Non-CO₂ greenhouse gases (CH₄, N₂O, SF₆, halocarbons) are responsible for 37 % of the anthropogenic contribution to global warming. Some of these gases (N₂O, SF₆, chlorinated and brominated halocarbons) are in addition destructive to the stratospheric ozone layer. Regional emission estimates of non-CO₂ greenhouse gases are currently much more uncertain than for CO₂. Mostly, they are based on ‘bottom-up’ approaches relying on inventories of known sources and expected emission functions. The ²²²Rn flux map of Europe produced in the preceding project permits today a more reliable real-world assessment by the ²²²Rn tracer method, a so-called ‘top-down’ approach. In previous studies, source strength of ²²²Rn has been a major uncertainty. Substantial reduction of uncertainty has been achieved so far and further improvements are aimed for in the present project. Future improvements include in particular a better temporal resolution of the ²²²Rn flux map. Current developments within the EU-driven European Radiological Data Exchange Platform (EURDEP) open the possibility for quasi real-time updates of the European ²²²Rn source term. The source strength of ²²²Rn (F_Rn) is a key parameter for estimating the source strength of any gas of interest (F_x), based on concentration differences observed over time in both, gas X (D_x) and ²²²Rn (D_Rn):

F_x = F_Rn D_x D_Rn^-1

There are two approaches to obtain values for D_x and D_Rn . One is during pollution events at otherwise remote ‘background’ stations. This approach is followed in an associated project at Jungfraujoch (main applicant: Stefan Reimann, EMPA), where we will contribute the parameters F_Rn and D_Rn.
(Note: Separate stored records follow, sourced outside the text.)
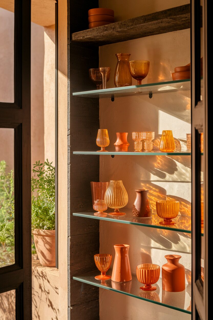 Ceramic shelves are unique because they’re both functional and decorative. They’re perfect for a Mediterranean or eclectic style.
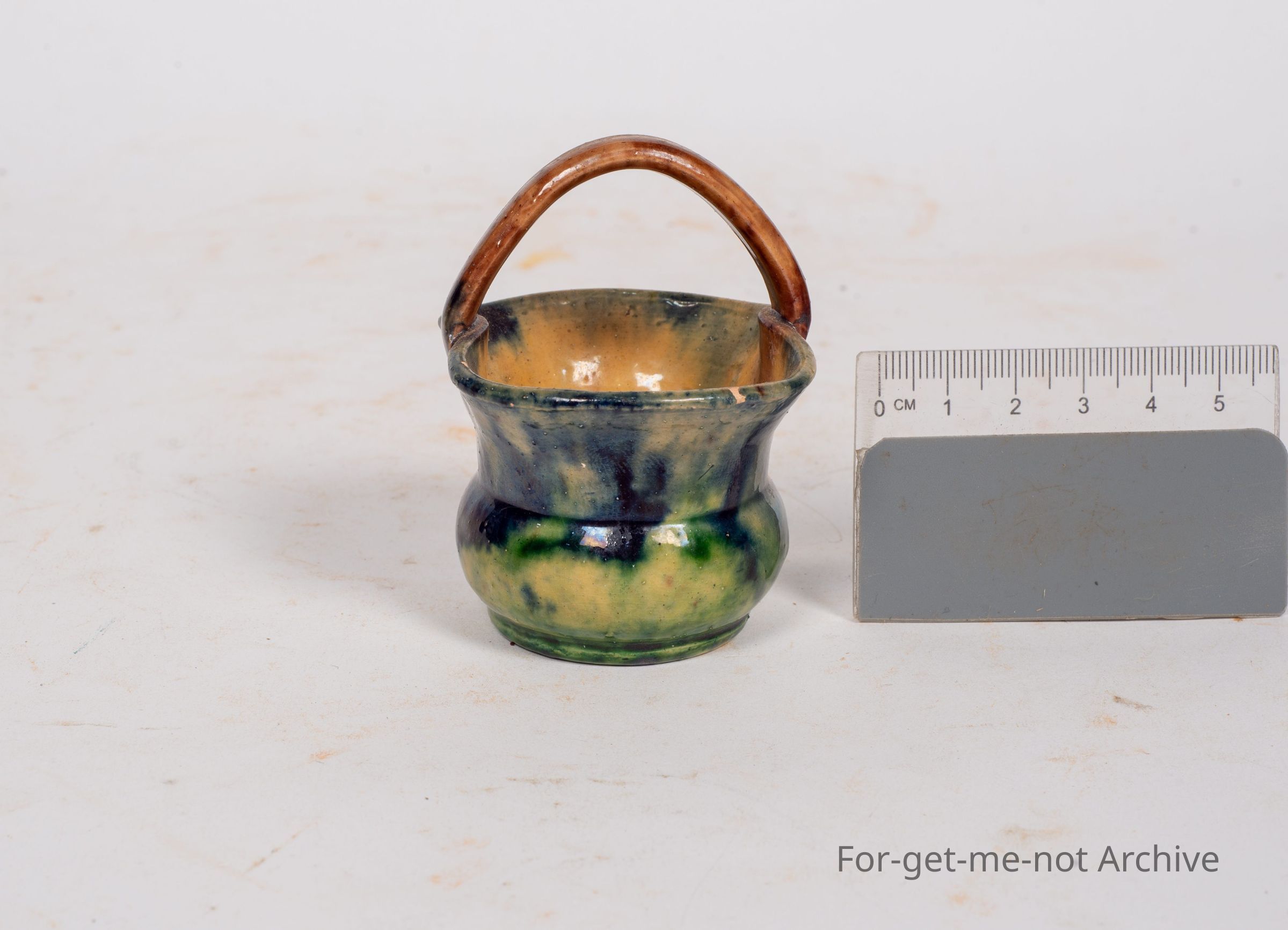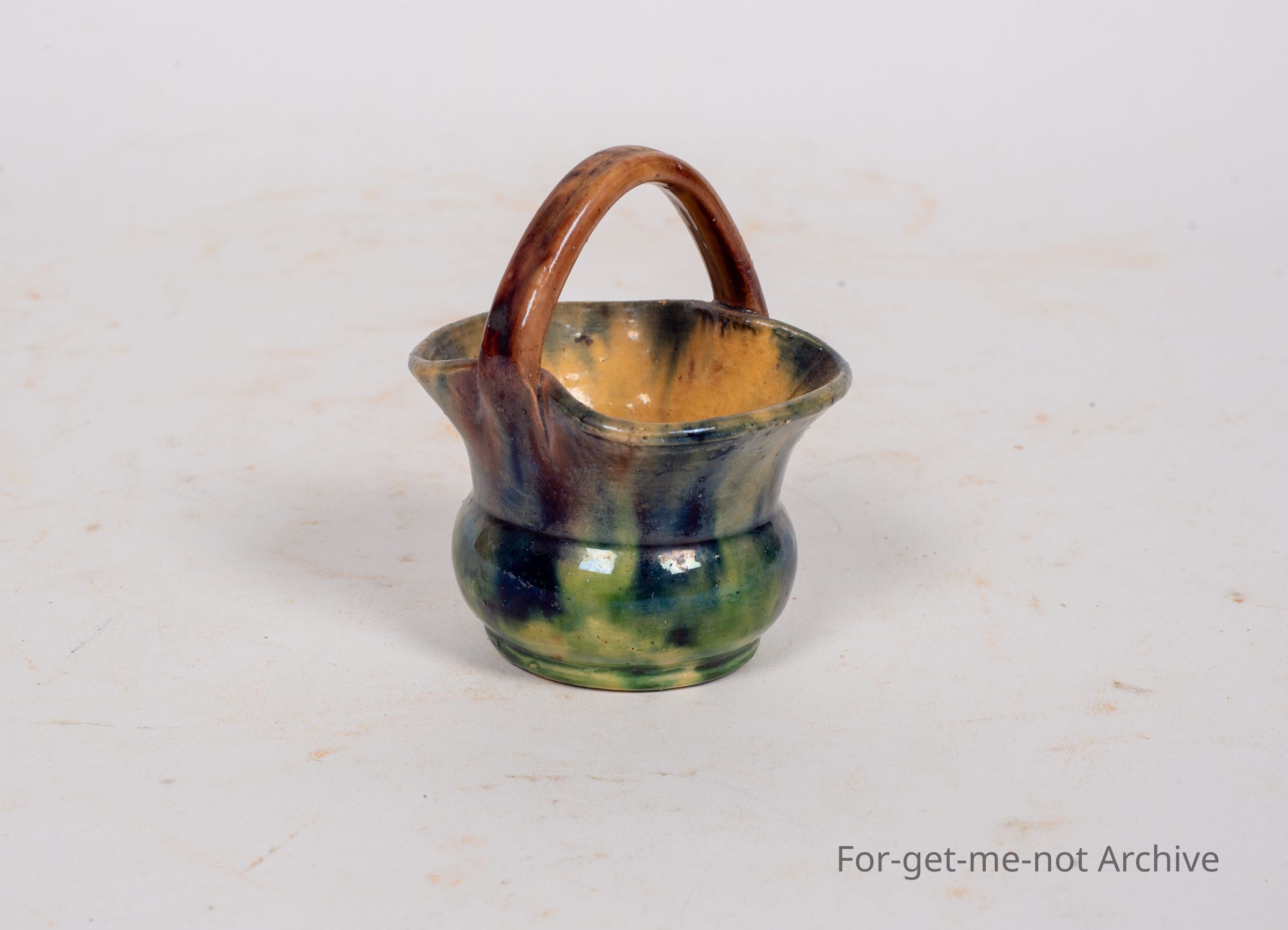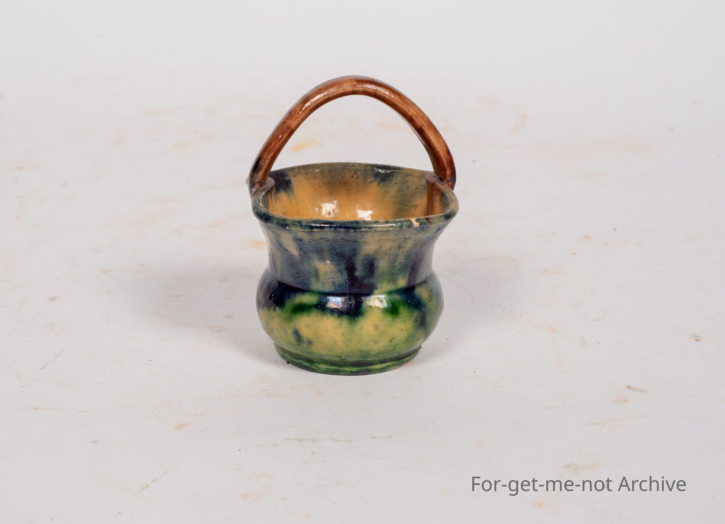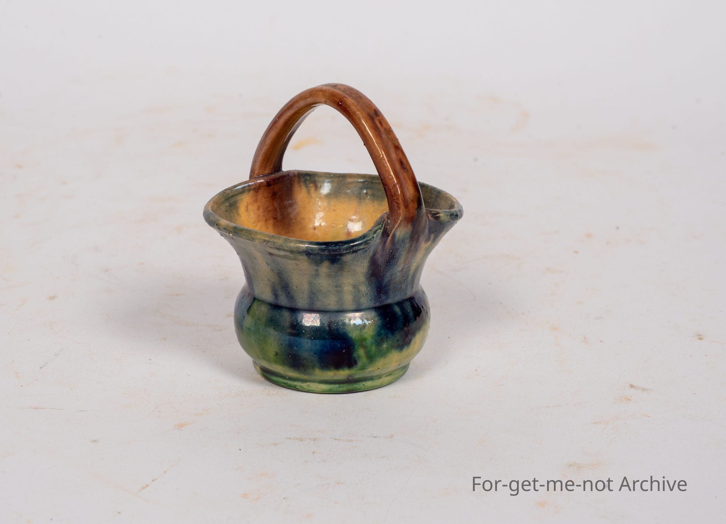 A small basket, ceramic, like a majolica glaze, no identification, but beautifully done,
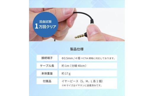 左右どちらの耳でも装着可能で周囲の音を聞きながら通話できます。現場などで作業をしながらの通話ができ、インカムに最適です。 弊社独自の厳しい条件下で1万回の屈曲試験を行っても断線が見られなかった、耐久性の高いイヤホンです。またL字プラグが根元にかかる負荷を軽減します。 エレクトレットコンデンサーマイクを搭載し、高音質な通話が可能です。 マイク部分には操作用のボタンがあり、マイクのオン/オフや通話/終話、音楽の再生/停止などができます。また、クリップ付きでお好みの場所に装着できます。 ※使用するアプリケーションによってはボタンの動作が異なる場合があります。 S/M/Lの3サイズで、お使いいただく方の耳にフィットするサイズをお選びいただけます。 ※Mサイズは本体に装着済みです。
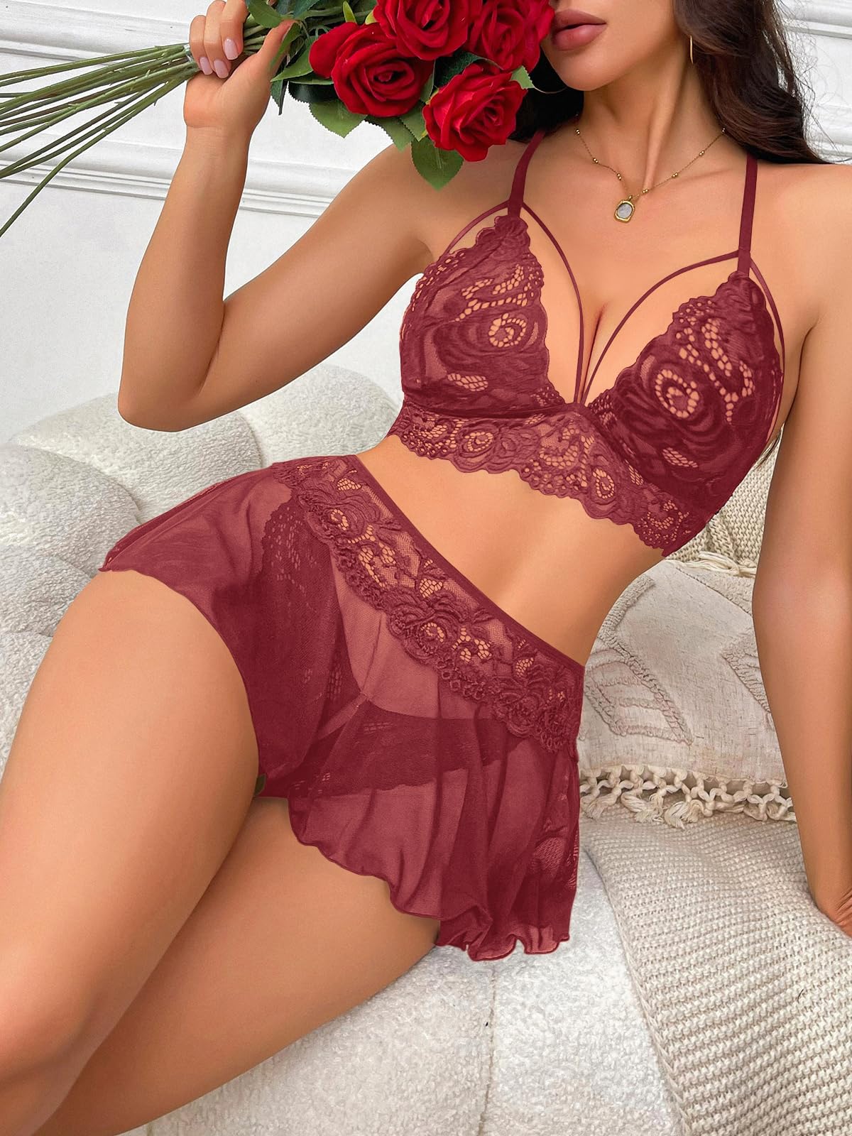 🎁Style: This v-neck 3pc lingerie set paired with a soft lace bra can enhance your femininity and outline your sexy chest lines, making you more charming.
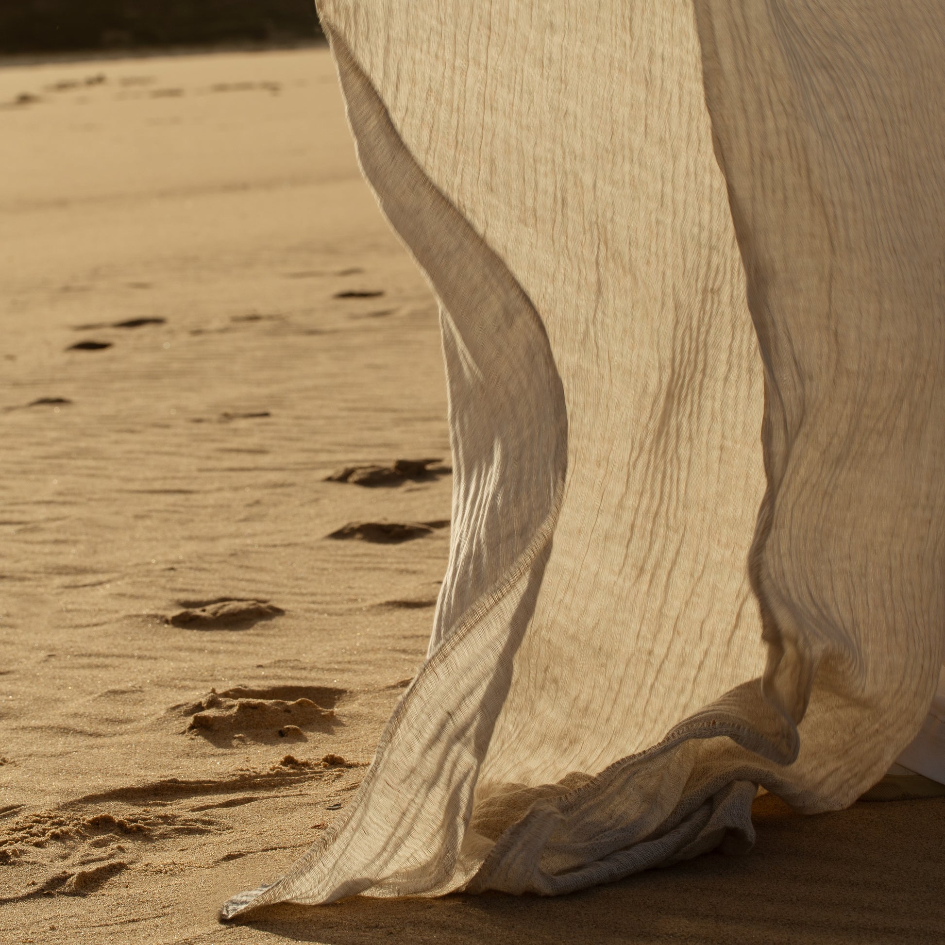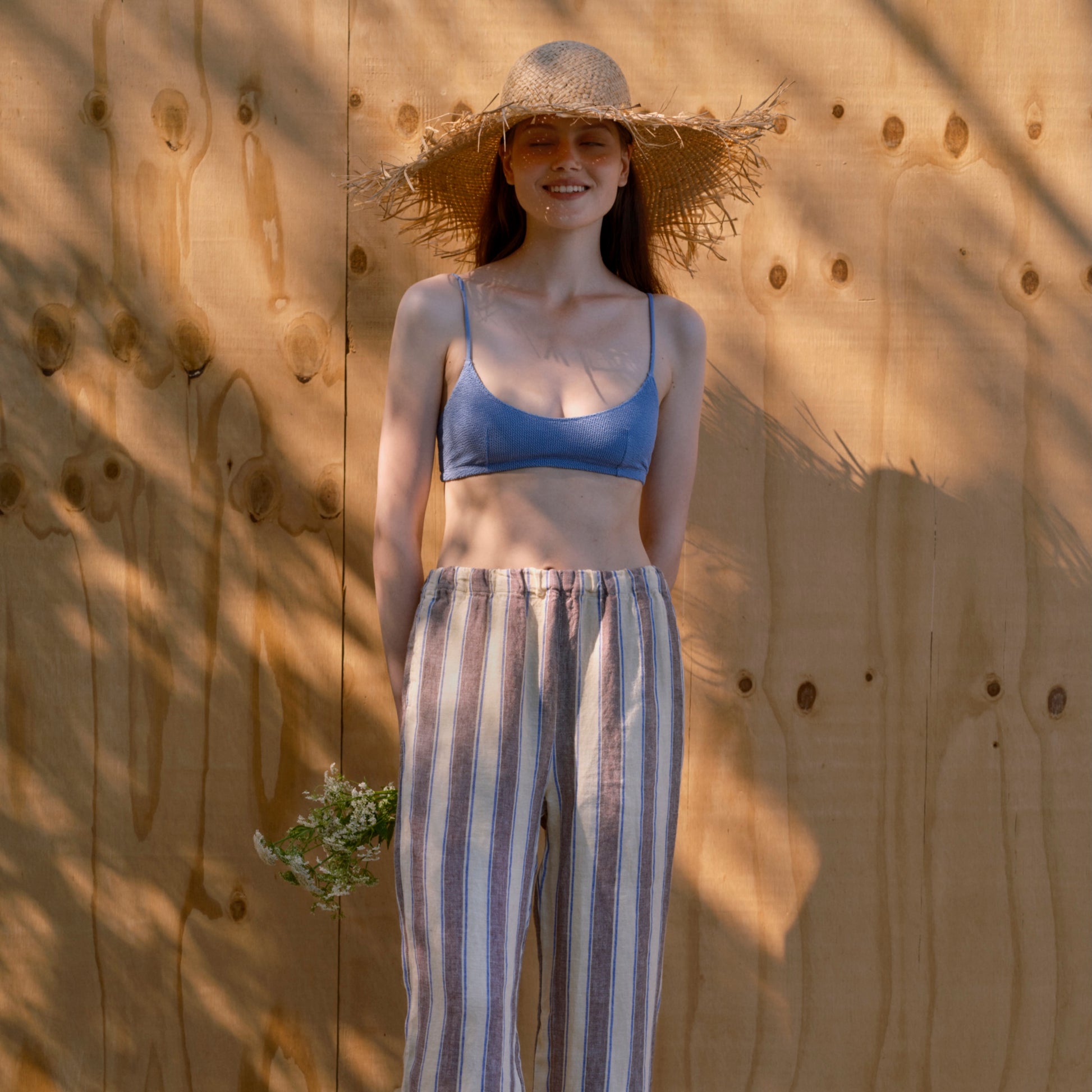 This curated gift set features a linen collection designed for comfort and relaxation. Linen is absorbent, lightweight, and the perfect companion for spa and sauna rituals. The set includes a linen bathrobe, a lightweight bath-and-hand-towel set in a Tencel-linen-cotton blend, a pair of linen slippers, and linen lounge pants in ivory-blue-brown stripe, available in your choice of size.

The other approach to obtain values for D_x and D_Rn relies on changes in mixing layer height as observed during nocturnal inversions and will be applied to the measurement of non-CO₂ greenhouse gases in the central part of Eastern Europe (Hungary). Emissions from this region just east of the Alpine Ridge are highly uncertain and can not be detected at Jungfraujoch using the first approach.